Olmert: Next U.S. President May Be Less Kind to Israel
This article is from the archive of The New York Sun before the launch of its new website in 2022. The Sun has neither altered nor updated such articles but will seek to correct any errors, mis-categorizations or other problems introduced during transfer.

Prime Minister Olmert, saying it is hard to imagine another American president as friendly to Israel as President Bush has been, told his Cabinet ministers yesterday that they must move on regional diplomacy before the end of Mr. Bush’s term.
Aides to Mr. Olmert quickly sought to dispel any impression that the prime minister doubts Senator McCain’s or Senator Obama’s support for Israel. But as the two presidential candidates compete to distance themselves from Mr. Bush’s record, Mr. Olmert’s remarks underscored Israelis’ affection for the outgoing president.
The Israeli leader, aides said, was seeking to highlight the need to move swiftly to sign agreements with President Abbas of the Palestinian Authority. At the same time, several top Israeli officials hinted that Israel soon would launch an extensive military operation to stop the rocket attacks from Gaza. Mr. Olmert’s Cabinet could decide as early as today whether Israel will mount the operation or agree to an Egyptian-brokered temporary cease-fire with Hamas, which controls Gaza.
“The current situation in Gaza is unsustainable,” a spokesman for Mr. Olmert, Mark Regev, told The New York Sun. “One way or another, it has to end.”
But as what Mr. Olmert called the “moment of decision” on Gaza nears, he also spoke of promoting diplomacy with Mr. Abbas, on the basis of the conference Mr. Bush convened last year at Annapolis, Md. Mr. Olmert has long argued that with Mr. Bush in office, diplomacy will be conducted under conditions favorable to Israel, an aide who spoke on the condition of anonymity said.
“Bush is the friendliest president Israel has had. Ever,” a former Israeli ambassador to Washington, Daniel Ayalon, said. “But this does not mean that the next president would not be as friendly.
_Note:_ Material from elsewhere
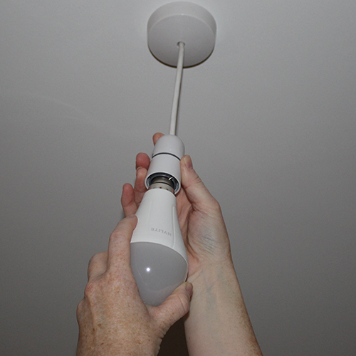 Utilisez-la comme une ampoule à baïonnette B22 standard dans n'importe quel luminaire, ou fixez-la grâce au crochet fourni pour une utilisation manuelle ou suspendue.
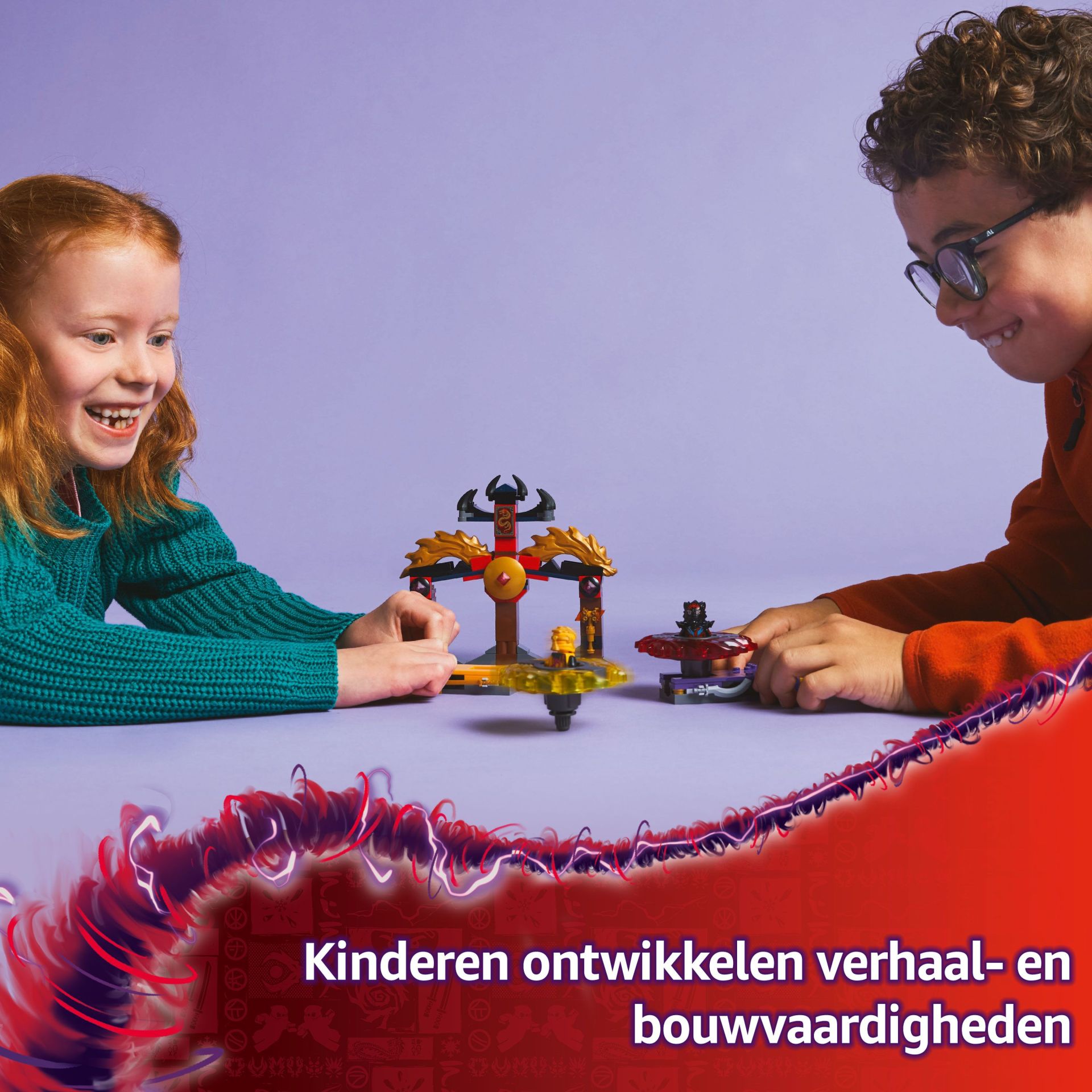 Kinderen kunnen geweldige avonturen beleven waarin ze duels tussen goed en kwaad naspelen met de gele spinner van Arin en de rode spinner van Ras, beide met afneembare krachtelementen. De NINJAGO personages kunnen hun spinners upgraden met gouden elementen, die ze kunnen winnen door de arena te raken en in te laten storten.

It is very dangerous for Israelis to be seen as meddling in American politics.”
Opponents of Mr. Obama have pointed to an op-ed Mr. Ayalon wrote several months ago in the Jerusalem Post, in which he argued that the Democratic presumptive nominee’s commitment to Israel had yet to be fleshed out.
“I think he was much more specific last week,” Mr. Ayalon said yesterday, referring to Mr. Obama’s speech to the American Israel Public Affairs Committee conference in Washington. “I am convinced that the next president, whoever he is, will build on foundations laid down by Bush.”
Mr. Bush supported Israel during its incursions into Arab West Bank towns in 2002, its pullout from Gaza in 2005, and its war against Hezbollah in 2006, Mr. Ayalon said. And $10 billion in American loan guarantees in 2003 helped Israel stabilize its economy, he added. He also called a letter Mr. Bush sent to Prime Minister Sharon in April 2004 “historic.”
In the letter, the president said conditions on the ground had changed since the 1967 war — changes that must be reflected in future border agreements. “Just as the 1917 Balfour Declaration raised the concept of a homeland for the Jews in Palestine, and then became the foundation of the 1947 U.N. resolution that divided it to a Jewish and an Arab state, the Bush letter laid the foundation to any future agreement over Israel’s borders,” Mr. Ayalon said. “No American president can now back away from the Bush letter.”